Ray McKnight shortsheep at worldnet.att.net
Mon Jul 31 14:30:13 EDT 2006


Indoor antennas seldom work well.
Even a poor improvised outdoor antenna usually works better
than something mounted indoors.  A dipole in a L configuration
is likely quite mismatched.  If at all possible try mounting it as an
inverted V, but it sounds like your L is necessitated due to
the size and shape of the room.  Remember, a dipole radiates
off the sides.  If even only temporarily, get it outside and up
off the ground 15-20 ft and broadside to WA or CA and see
what happens.  Not sure what a "RED LED SWR bridge" is,
sounds like some CB contraption that blinks when the SWR is
supposedly too high, wouldn't trust it as far as I could throw it.

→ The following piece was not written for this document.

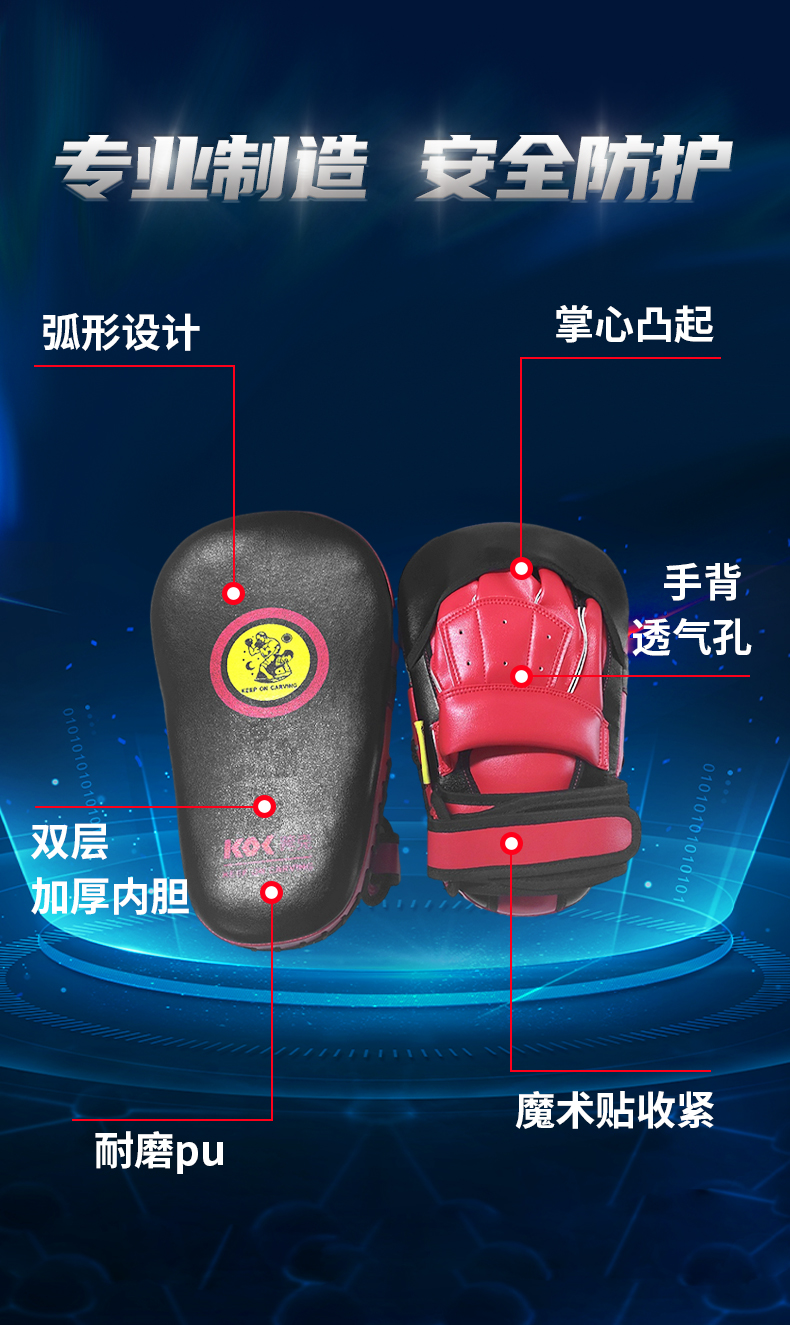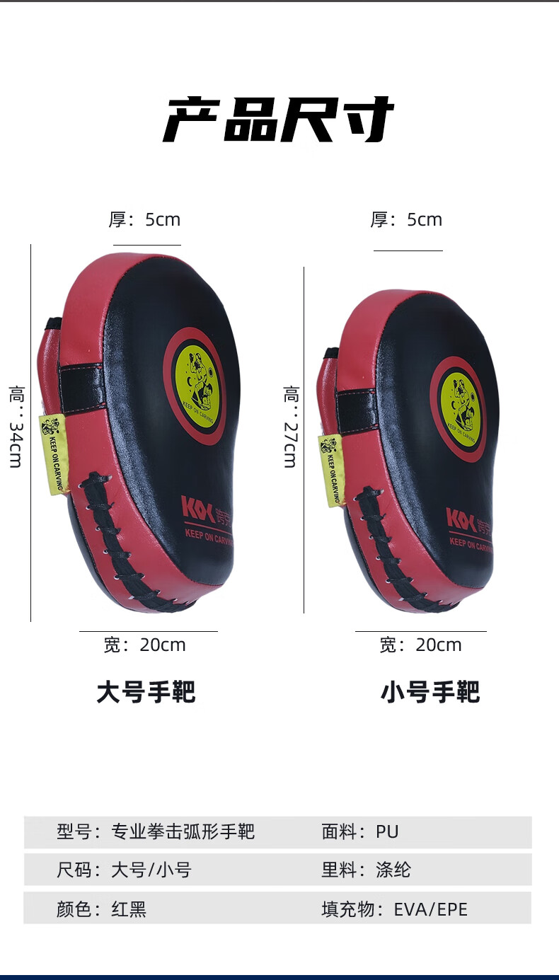 KEEP ON CARVING跨克拳击手靶套跆拳道泰拳散打脚靶护具成人儿童陪练加厚训练弧形拳靶家用 大手靶一对

Put a real meter on it.  There shouldn't be any need for a Z or
any other match if the antenna is cut to the correct length and
mounted correctly, away from things that detune it, high enough
(1/2 wave or better) off the ground.
----- Original Message ----- 
From: "Ben Jackson" <ben at ben.com>
To: "TAPR APRS Mailing List" <aprssig at lists.tapr.org>
Sent: Sunday, July 30, 2006 21:32
Subject: Re: [aprssig] Need help testing 30m HF APRS in the Northwest


> On Sun, Jul 30, 2006 at 09:11:33PM -0700, Ray McKnight wrote:
> > You've made no comments as to what your antenna is and how it's mounted.
>
> It's an L-shaped dipole, indoors.  It's not quite half wavelength,
> more like 48% since I couldn't tune it when it was exactly 1/2.
> The L points southeast, which is probably the worst direction based
> on known digis.
>
> It's tuned with a modified Z-match using a "red LED SWR bridge".